------ RECORDS PROVIDED ------

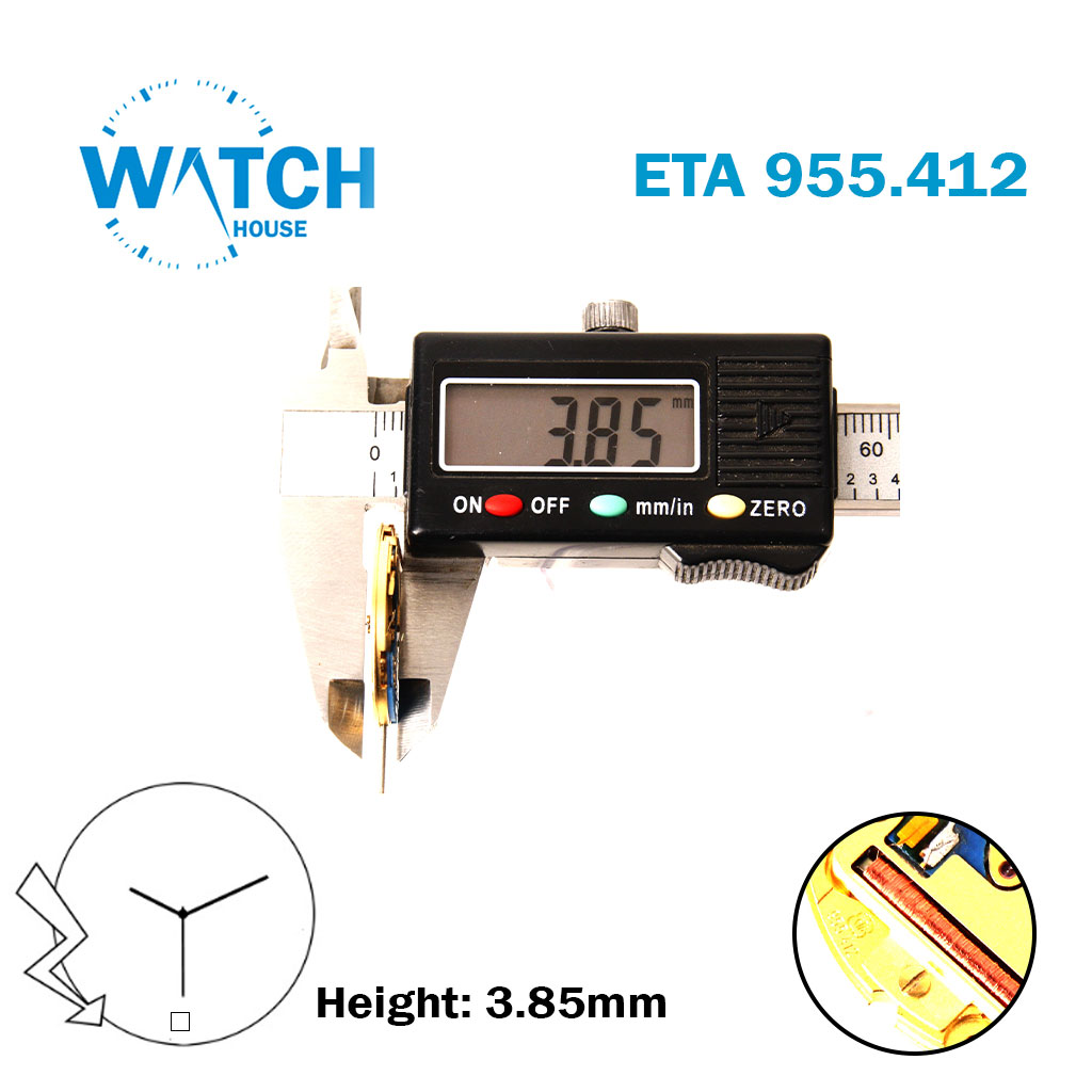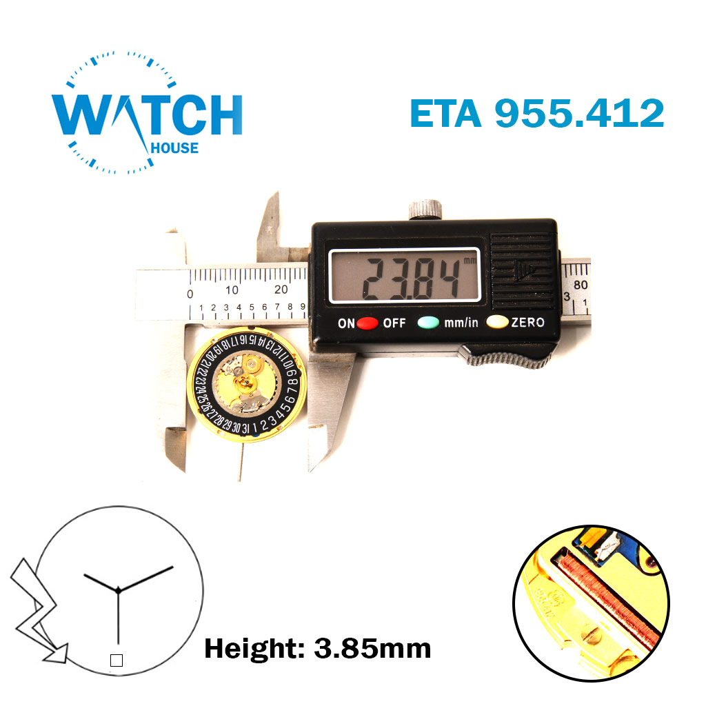 حركة كوارتز سويسرية الصنع ETA 955.412، قرص تاريخ أسود عند الساعة 6، 3 عقارب، ارتفاع 3.85 مم
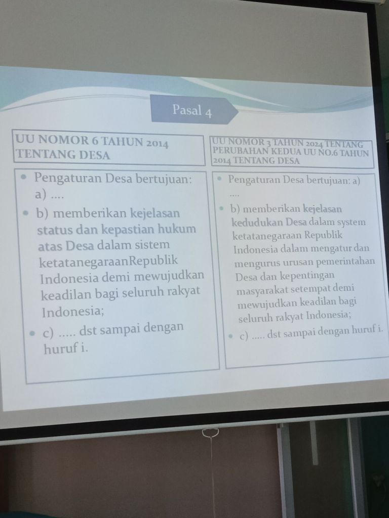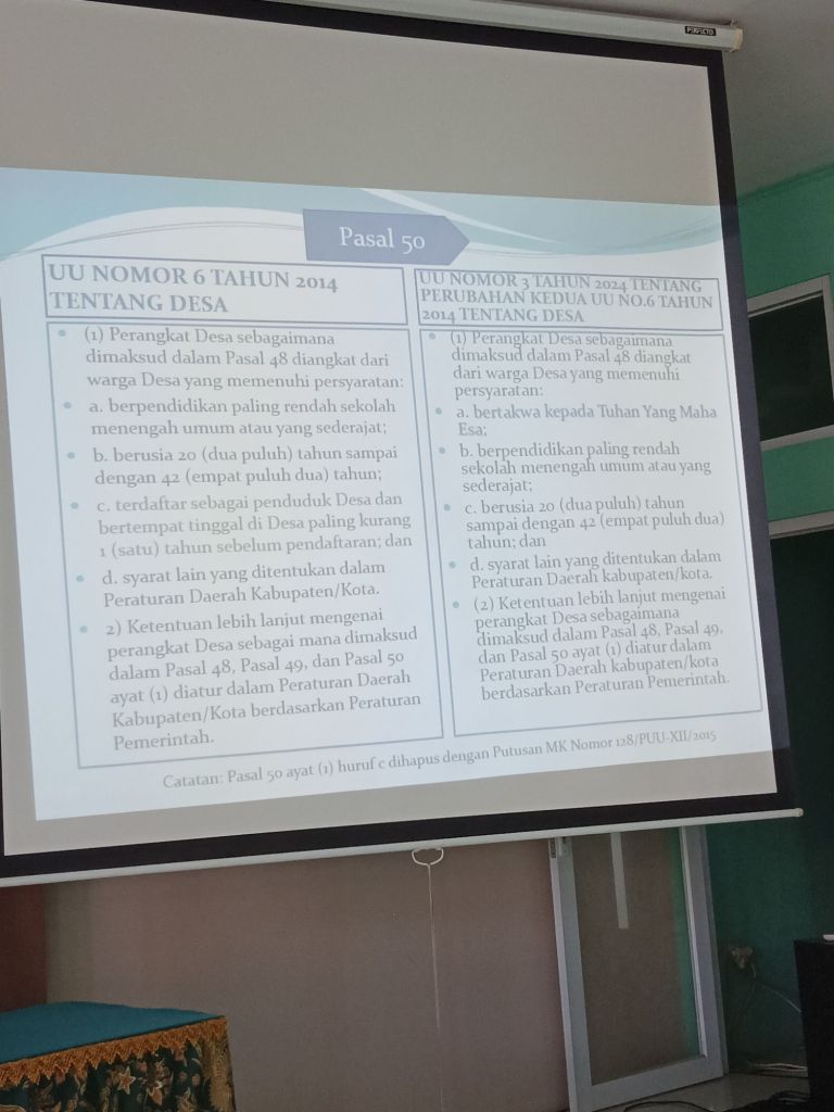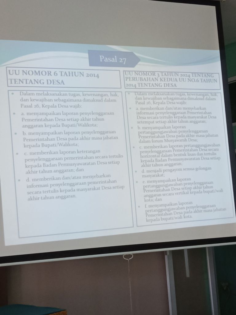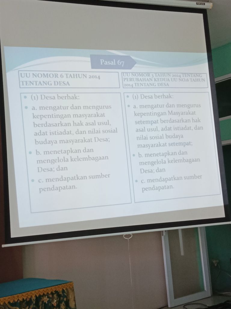 Inisiatif Sosialisasi UU No 3 Tahun 2024 adanya Undang undang Perubahan dari UU No 6 Tahun 2014, karena kita wajib mengetahui untuk memahami perubahan dalam undang undang tersebut.
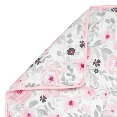 Welcome home your little girl with this charming watercolor floral 3-piece crib bedding set which includes one quilt/comforter, one crib skirt, and one floral fitted crib sheet. A gorgeous floral watercolor print decorates the quilt and fitted crib sheet in shades of pinks and grays. The solid pink crib skirt is shirred and has a 10โ drop. This eco-friendly nursery collection has been digitally printed in a high-resolution microfiber which enhances the pink and gray colors. Designed to fit a standard size crib measuring 52″ x 28″.
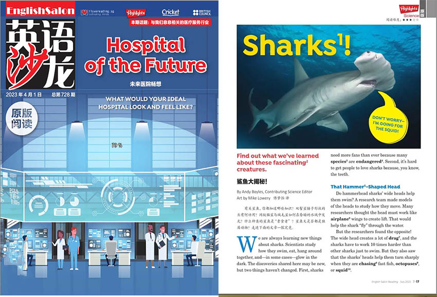 《英語沙龍》主要欄目:HIGHLIGHTS、SOCIAL STUDIES、CRICKET、AMERICAN CAMPUS、BRITISH COUNCIL等。
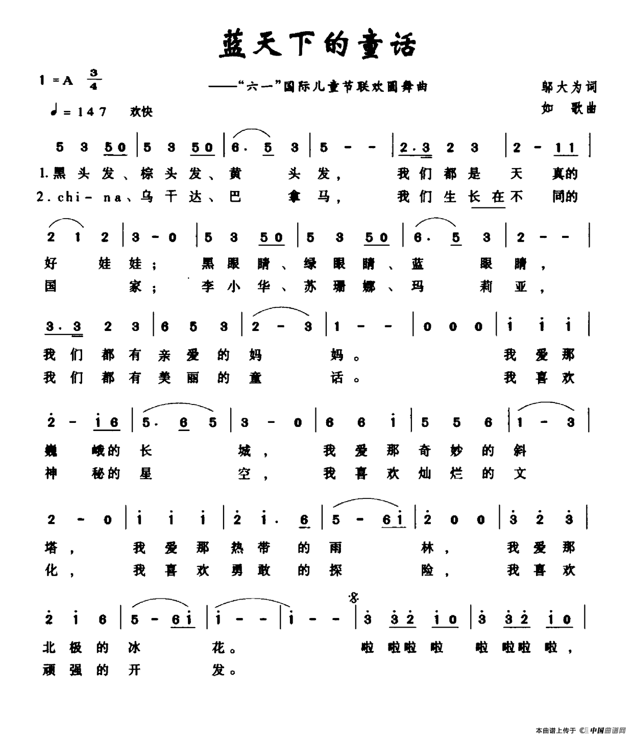 《蓝天下的童话》简谱
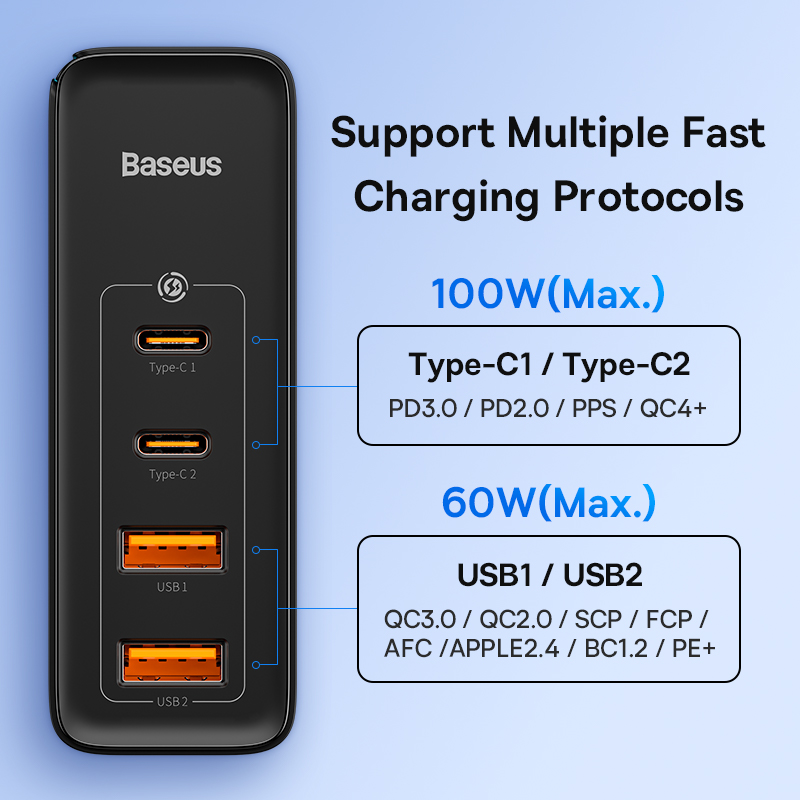 - GaN Technology: Provides a compact, lightweight charger with powerful 100W output, reducing heat while delivering maximum efficiency.
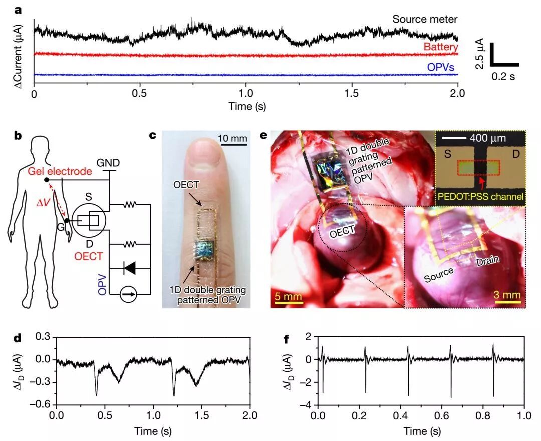 小白鼠活体测试表明,在LED的连续光照下,器件可实现对心脏心率信号的实时精准监测,灵敏度是常规能源驱动的OECTs的3倍以上。这主要是因为,没有外部功能之后,避免了外部连接导致的信号波动。
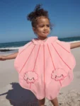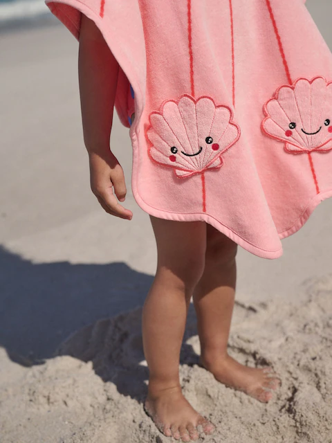 An essential for fun by the water, this enchanting Pink Towelling Poncho is perfect to get little ones dry after splashing in the sea or pool. Crafted from Super comfy soft cotton towelling fabric, it ensures quick drying and warmth. The playful appliqué shell details add a whimsical touch to this practical cover-up.
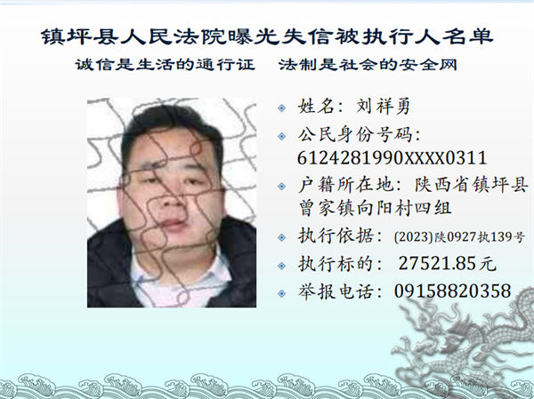 曝光失信 | 鎮(zhèn)坪法院2023年第三期失信人員名單公布
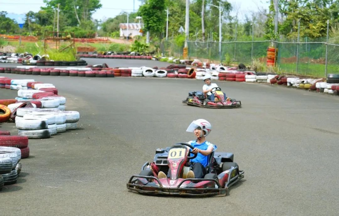 除此之外,在火山泉休闲农庄里也热闹非凡,市民游客体验垂钓、卡丁车等活动,玩得不亦乐乎。

------

#### [TASK]
Beginning with the line that contains "- GaN Technology: Provides" and ending with the last line of the data, transcribe each line exactly; pictures stay out.

#### [SOLUTION]
 - GaN Technology: Provides a compact, lightweight charger with powerful 100W output, reducing heat while delivering maximum efficiency.
 小白鼠活体测试表明,在LED的连续光照下,器件可实现对心脏心率信号的实时精准监测,灵敏度是常规能源驱动的OECTs的3倍以上。这主要是因为,没有外部功能之后,避免了外部连接导致的信号波动。
 An essential for fun by the water, this enchanting Pink Towelling Poncho is perfect to get little ones dry after splashing in the sea or pool. Crafted from Super comfy soft cotton towelling fabric, it ensures quick drying and warmth. The playful appliqué shell details add a whimsical touch to this practical cover-up.
 曝光失信 | 鎮(zhèn)坪法院2023年第三期失信人員名單公布
 除此之外,在火山泉休闲农庄里也热闹非凡,市民游客体验垂钓、卡丁车等活动,玩得不亦乐乎。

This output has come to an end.